W3.R

//Video 1 - explains example assignment
//Video 2 - Graphs

BOXPLOTS
//compare quants on common scale. Include distribution of age, broken down by difficulty dressing variable (DDRS)
boxplot(pData$AGEP ~ as.factor(pData$DDRS), col = "blue")

//encode how many people have are in each sample. use varwideth=TRUE
boxplot(pData$AGEP ~ as.factor(pData$DDRS), col = c("blue","orange"), names = c("yes", "no"), varwideth = TRUE
        
BARPLOTS
//good for qualitative variables and to show amount
barplot(table(pData$CIT), col = "blue")

HISTOGRAM
//more detailed than barplots. gives me more of a shape of distribution or frequency of values than a barplot
hist(pData$AGEP)
        
//can set # of breaks
hist(pData$AGEP, breaks = 100, main = "AGE")
        
DENSITY PLOT
//A Historgram that's been smoothed out'. 'lwd' sets line thickness. The boundaries have a little error and extend out a little. beware, it's not super accurate'
dens <- desnity(pData$AGEP)
        
//Multiple distributions in same graph
dens <- desnity(pData$AGEP)
densMales <- density(pData$AGEP[which(pData#SEX == 1)])
plot(dens, lwd = 3)
lines(densMales, lwd = 3)       //adds the other line here
                         

                    VIDEO 3
plot(dens,lwd=3)

SCATTERPLOTS
//?par tells me all the parameters I can have on scatterplots
//pch = types of data point (circle, square, triangle...), cex = size of data points
plot(variable1, variable2, pch = 20, col = "blue", cex = 0.5)
                                      
                                      
//Using Color to distinguish variables
plot(pData$variable1, pData$variable2, pch=19,col=pData$Sex, cex=0.5)
                                      
//Use size to distinguish variables
percentMaxAge <- pData$AGEP/max(pData$AGEP)
plot(pData$variable1, pData$variable2, pch=19, col=pData$Sex, cex=percentMaxAge*0.5)
                                      
                                      
//overlaying lines/points
plot(pData$JWMNP,pData$WAGP,pch=19,col="blue",cex=0.5) 
lines(rep(100,dim(pData)[1]),pData$WAGP,col="grey",lwd=5) 
points(seq(0,200,length=100),seq(0,20e5,length=100),col="red",pch=19)
                                      
//Numeric Variables as factors - can break up a variable into multiple factors and assign those to chart
library(Hmisc)
ageGroups <- cut2(pData$AGEP,g=5)
plot(pData$JWMNP,pData$WAGP,pch=19,col=ageGroups,cex=0.5)
                                      
//WHEN LOTS OF POINTS HERE, you can take a sample of much smaller size of the the info, so it's not so crazy looking'
sampledValues <- sample(1:1e5, size = 1000, replace = FALSE)
plot(x[sampledValues],y[sampledValues],pch=19)
                                      
//Make lots of points look cool.
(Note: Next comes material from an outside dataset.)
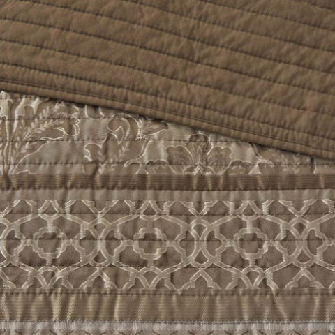 To add a touch of richness to your current decor, the Bellagio 6 Piece Reversible Quilt Set can update your room in seconds. Made from polyester jacquard, the quilt and shams share leaf, striping and ironwork motifs that are accentuated by ivory stitching on a chocolate brown base. Pops of gold are also used throughout this collection adding a lavish feeling to your decor. Three decorative pillows feature pleating and embroidery details that correspond back to the quilt to bring this entire look together.

Creates a smooth density plot 
smoothScatter(x,y)
                                      
//Another way to do a smooth Scatter - {hexbin}
library(hexbin)
x <- rnorm(1e5)
y <- rnorm(1e5)
hbo <- hexbin(x,y)
plot(hbo)

//QQ-plots - plots quantiles of X to quantiles of Y
x <- rnorm(20); y <-rnorm(20)
qqlot(x,y)
abline(c(0,1))
                                      
//plot obvservations over time or longitudinally - Matplot and spaghetti
//generate random matrix with 20 rows and 5 columns. just created 100 normal random variables
X <- matrix(rnorm(20*5),nrow =20)
                                      
//matplot (spaghetti plot cuz of how it looks) to plot diff. columns of that matrix. It takes 
//each column and plots it as one specific line. Common for longitudinally time series analysis
X <- matrix(rnorm(20*5), nrow = 20)
matplot(X, type = "b")
                                      
Heatmaps
//2d histogram
image(1:10, 161:236, as.matrix(pData[1:10,161:236]))     
//but this messes up the columns (161:236) and rows(1:10), 
//so to match columns and rows, do below:

newMatrix <- as.matrix(pData[1:10,161:236])
newMatrix <- t(newMatrx)[,nrow(newMatrix):1]
image(161:236, 1:10, newMatrix)
                                      
//MAPS!!!!
library(maps)
map("world")      //there's many maps of many states and countries in the maps package'
lat <- runif(40,-180,180); long <- runif(40,-90,90)
points(lat, long, col="blue", pch = 19)
                                      
//Missing Values and Plots
plot(x,y, pch=19, xlim=c(0,11),ylim=c(0,11))       //Find where there's gaps in the line'
or boxplot(x ~ is.na(y))        //compare values where y is na or not na. Then it shoes that when y = na, then y values are small. when y does not equal na, then y values are big

//VIDEO 4 - EXPOSITORY GRAPHS
graphs I'll show to people or used in final presentation'
Characteristics:
1. use position, common scales, info density is good - don't just report 1 point. Use graphs that are too tough to explain in words
2. should have ' large axises, title, etc

Never have an R output as the label of the axes. Label the axes with actual words, and always put in units.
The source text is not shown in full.